Congress often allows variability “even in areas of law where national uniformity is important.”  (Citing Bonito Boats’ statement about the importance of national uniformity in IP, then noting the private right of action for patent infringement, and noting that the FDCA contemplates that federal juries will resolve most misbranding claims.)  The Lanham Act is uniform in the sense that it protects an entire class against unfair competition; it varies only in being enforced on a case-by-case basis.  That’s no different than the variability to which any industry is subject.
Coca-Cola argued that the FDCA regulations were much more specific than the Lanham Act.  That’s true.  But that specificity would matter “only if the Lanham Act and the FDCA cannot be implemented in full at the same time.”  However, there was no structural or empirical reason to see “any difficulty in fully enforcing each statute according to its terms.”
The Court then rejected the government’s confusing halfway approach, which wouldn’t have allowed POM to challenge the name but would have allowed other challenges to the configuration of the label.  The government wanted preclusion “to the extent the FDCA or FDA regulations specifically require or authorize the challenged aspects of [the] label.”  The Court was concerned about the practical difficulty of distinguishing between regulations that “specifically . . . authorize” a course of conduct and those that merely tolerate that course.  Also, this position had the same problem of treating the FDCA as a ceiling on regulation of food and beverage labeling, but that was inconsistent with the Lanham Act’s complementarity.  (It’s pretty clear that requirements would not be subject to this analysis—if someone challenged a label that said “zero fat” even though it had a tiny detectable amount of fat, the obvious defense is that the FDA requires the use of “zero fat” under such circumstances, and the Court doesn’t suggest that preclusion would be unavailable then.)
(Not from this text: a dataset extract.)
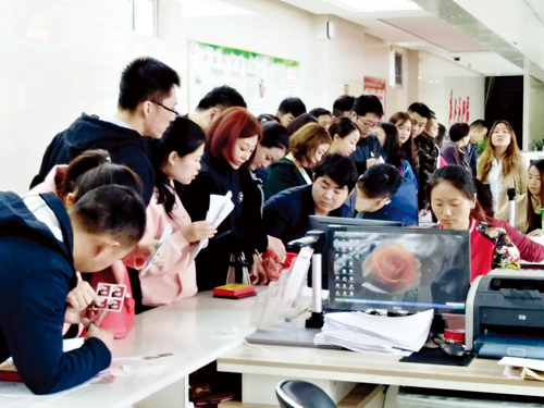 圖為現(xiàn)場扎堆領(lǐng)證的準(zhǔn)新人 張林泉 攝影報道

The FDA had not, despite what the government said, fully balanced the competing interests at issue. While the rule mentioned “provid[ing] manufacturers with flexibility for labeling products while providing consumers with information that they need,” it didn’t discuss or even cite the Lanham Act. Plus, the FDA explicitly encouraged manufacturers to include material on labels that wasn’t required by the regulations, which was inconsistent with the idea that the regulations were comprehensive.  “A single isolated reference to a desire for flexibility is not sufficient to transform a rulemaking that is otherwise at best inconclusive as to its interaction with other federal laws into one with preclusive force, even on the assumption that a federal regulation in some instances might preclude application of a federal statute.” 
This was distinguishable from Geier v. American Honda Motor Co., 529 U. S. 861 (2000), in which the agency’s regulation deliberately allowed manufacturers to choose between options to encourage diversity in the industry.  A subsequent lawsuit against one of the choices was barred because it directly conflicted with the agency’s policy choice.  But the FDA hadn’t made a policy judgment inconsistent with POM’s suit, “and in any event the FDA does not have authority to enforce the Lanham Act.” “Even if agency regulations with the force of law that purport to bar other legal remedies may do so, it is a bridge too far to accept an agency’s after-the-fact statement to justify that result here. An agency may not reorder federal statutory rights without congressional authorization.”
Reversed and remanded.
Final note: because the 9th Circuit’s ruling was so broad and ill-defined, and because the Court is careful to distinguish pharmaceutical regulation, it’s hard to say that this will directly affect many lawsuits, though plaintiffs may draw on the Court’s emphasis on the Lanham Act’s breadth.